Input for this task:
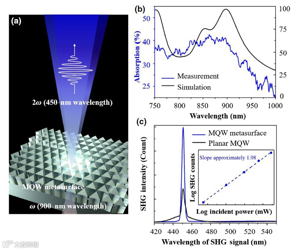 全介电多量子阱超构表面二次谐波可见光的超高效率
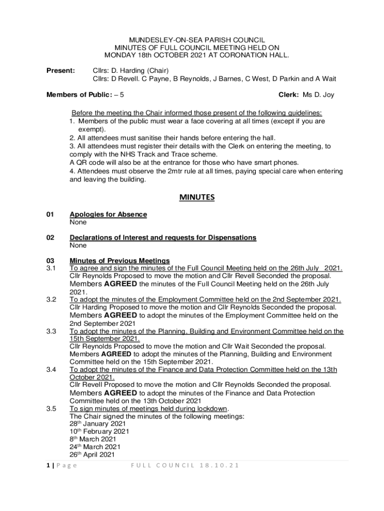 MUNDESLEYONSEA PARISH COUNCIL MINUTES OF FULL COUNCIL MEETING HELD ON MONDAY 18th OCTOBER 2021 AT CORONATION HALL. Present:Class: D. Harding (Chair) Class: D Reveal. C Payne, B Reynolds, J Barnes,
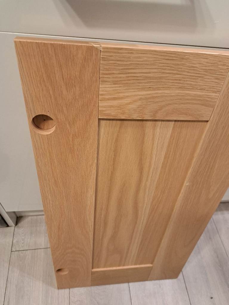 Brand new kitchen doors...with hinge holes in...oak coloured id say sizes are 400 wide by 715mm height...7.00 a door ive got about 20.. plus some bigger ones 12.00 each.im sure if you went on you tube hacks you could make kitchens..bedrooms...under stairs cabinets or loft space cupboards
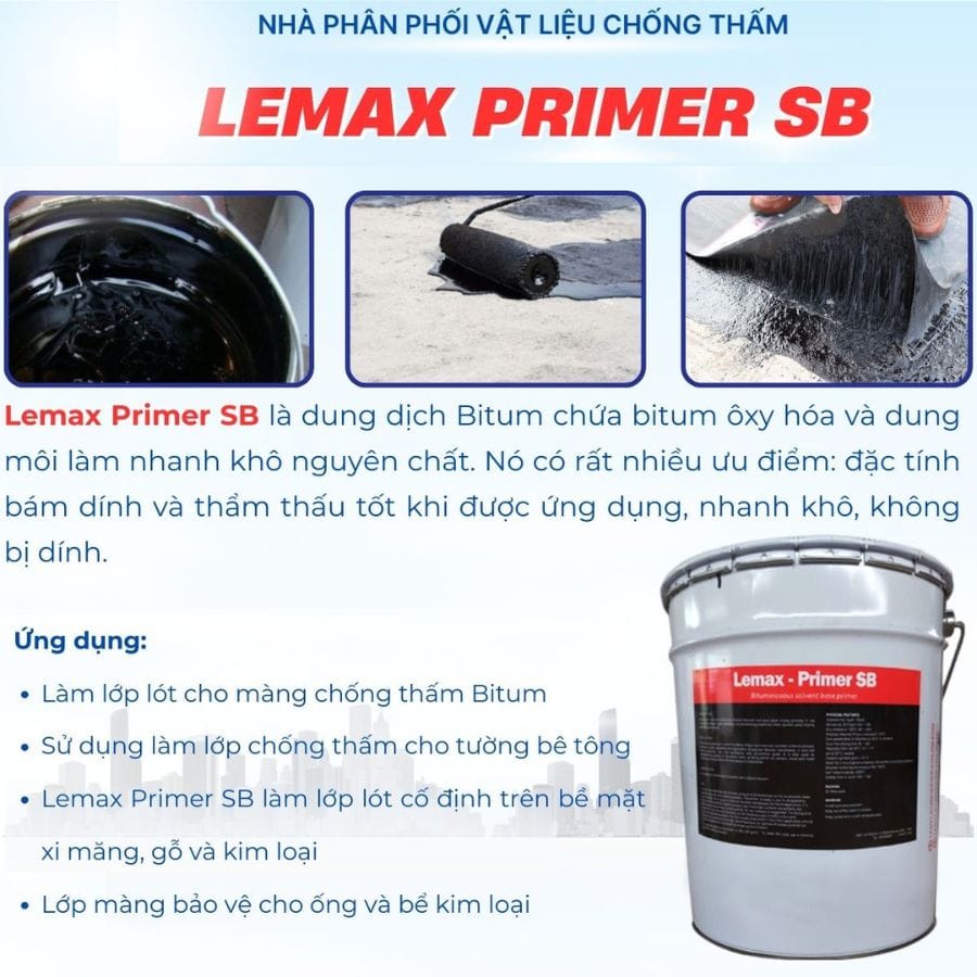 - Ngoài tính năng chính là tạo lớp liên kết trong công tác chống thấm màng khò. Primer Lemax SB còn được dùng để chống thấm mặt ngoài tường vây tầng hầm và mặt ngoài tường nhà dân dụng (Tường vách song). Nhằm thay thế cho các dòng sơn chống thấm gốc dầu kém chất lượng và tràn lan trên thị trường Việt Nam.
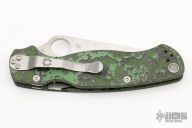 This Paramilitary 2 Linerlock Folder from Spyderco has a satin finished clip point blade with thumb hole and notched thumb rest. Handle has black/green Fat Carbon scales with stainless steel liners and stainless steel 4-way reversible clip. Comes with original box and papers. Excellent condition.
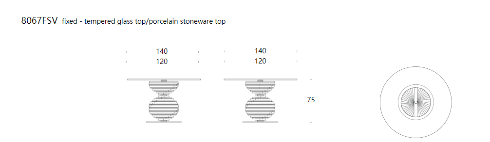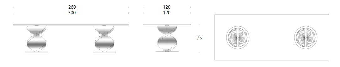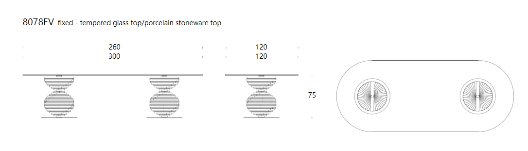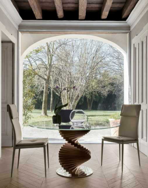 La caratteristica principale del tavolo Firenze è la base di listelli in legno massiccio noce canaletto, o rovere scuro. I listelli vengono accoppiati uno ad uno, per creare una scultura a spirale che crei un elegante effetto ottico. Un piano in vetro, o gres porcellanato, disponibile in più misure, chiude la struttura.

Work item:
In the data above, take the line with "MUNDESLEYONSEA PARISH COUNCIL", the line with "- Ngoài tính", and every line between, and set them down exactly without pictures.

Answer to the exercise:
 MUNDESLEYONSEA PARISH COUNCIL MINUTES OF FULL COUNCIL MEETING HELD ON MONDAY 18th OCTOBER 2021 AT CORONATION HALL. Present:Class: D. Harding (Chair) Class: D Reveal. C Payne, B Reynolds, J Barnes,
 Brand new kitchen doors...with hinge holes in...oak coloured id say sizes are 400 wide by 715mm height...7.00 a door ive got about 20.. plus some bigger ones 12.00 each.im sure if you went on you tube hacks you could make kitchens..bedrooms...under stairs cabinets or loft space cupboards
 - Ngoài tính năng chính là tạo lớp liên kết trong công tác chống thấm màng khò. Primer Lemax SB còn được dùng để chống thấm mặt ngoài tường vây tầng hầm và mặt ngoài tường nhà dân dụng (Tường vách song). Nhằm thay thế cho các dòng sơn chống thấm gốc dầu kém chất lượng và tràn lan trên thị trường Việt Nam.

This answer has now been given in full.